▶ **What the task asks**:
Exactly and only the lines from the one with "Naklejka premium Snowy" through the last line of the records need to be set down; please skip the pictures.

▶ **Data excerpts**:
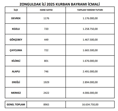 Valiliğin yayımladığı Zonguldak ili Kurban Bayramı icmali şöyle:
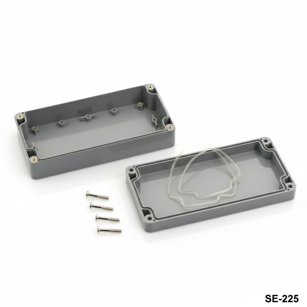 SE-225 е корпус за тежки условия на работа със сертификат IP67. Водоустойчивите и прахоустойчивите характеристики позволяват използването му в приложения на открито. За този продукт се предлага персонализиране чрез CNC обработка, UV печат и лазерно маркиране. Продуктът е произведен от ABS материал. Прозрачният капак с материал от PC е налична опция.
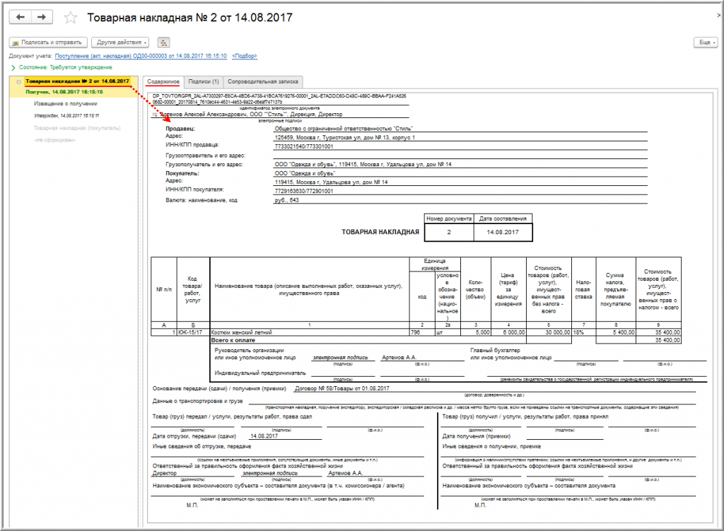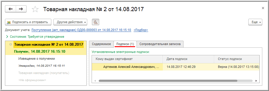 В зависимости от типа документа на основании полученного формализованного электронного документа может создаться новый документ учетной системы.
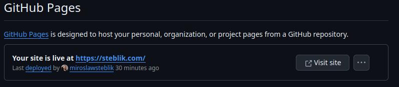 I also created a CNAME file in the static/ directory containing my domain name to complete the GitHub Pages configuration.
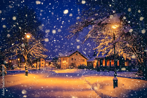 Naklejka premium Snowy Village Street at Night with Warm Lights and Falling Snow
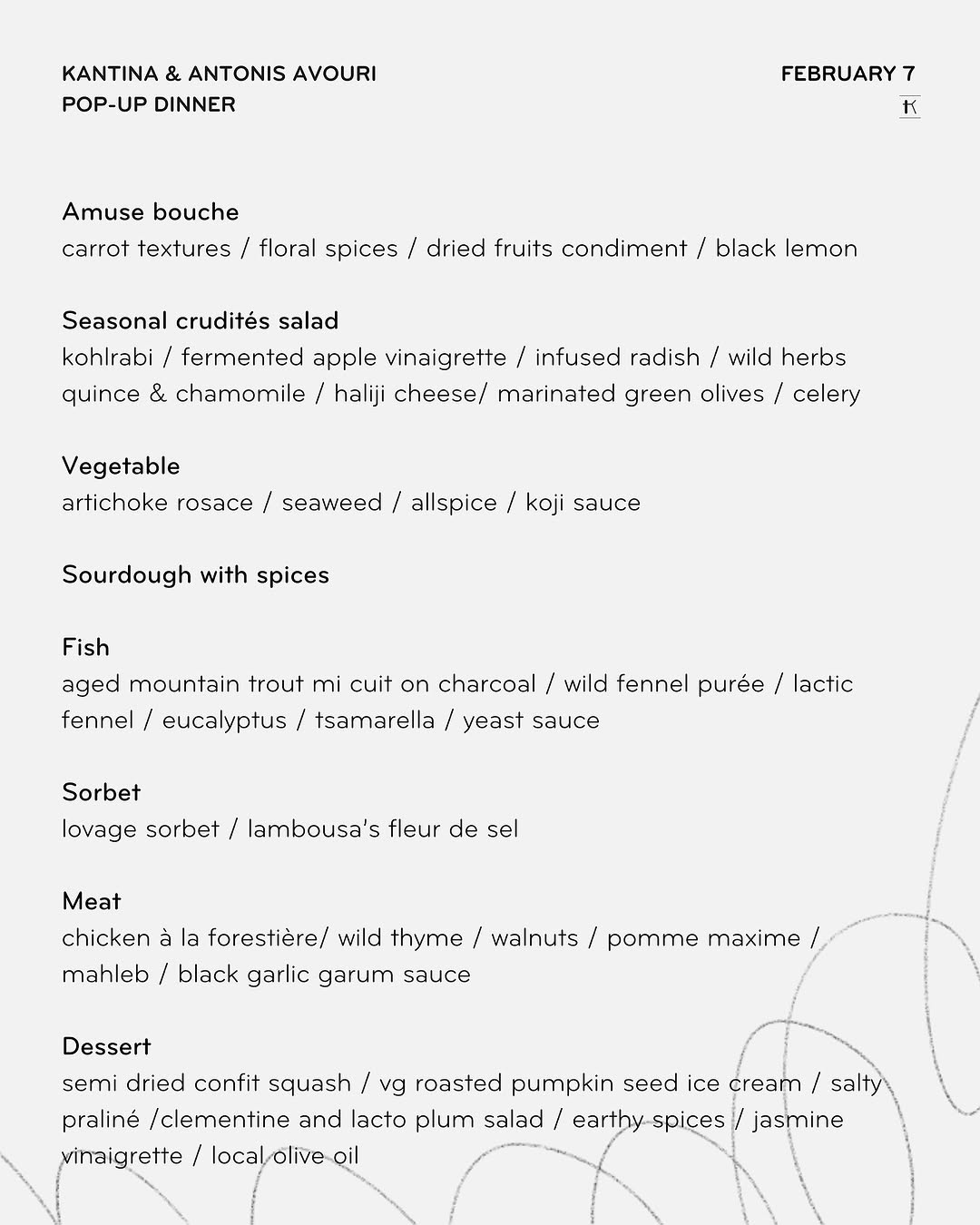Σπουδαία τα νέα, εξ ου και τα μοιραζόμαστε μαζί σας. Αγαπώντας την εντοπιότητα και την εποχικότητα, αλλά και έχοντας πάντα σκανδιναβικές και γαλλικές επιρροές στη μαγειρική του, ειδικά για το προσεχές dinner έφτιαξε ένα special μενού (δείτε παρακάτω), το οποίο θα συνοδεύεται από wine pairing με κρασιά από τη συλλογή του Kantina.

▶ **Exercise output**:
 Naklejka premium Snowy Village Street at Night with Warm Lights and Falling Snow
Σπουδαία τα νέα, εξ ου και τα μοιραζόμαστε μαζί σας. Αγαπώντας την εντοπιότητα και την εποχικότητα, αλλά και έχοντας πάντα σκανδιναβικές και γαλλικές επιρροές στη μαγειρική του, ειδικά για το προσεχές dinner έφτιαξε ένα special μενού (δείτε παρακάτω), το οποίο θα συνοδεύεται από wine pairing με κρασιά από τη συλλογή του Kantina.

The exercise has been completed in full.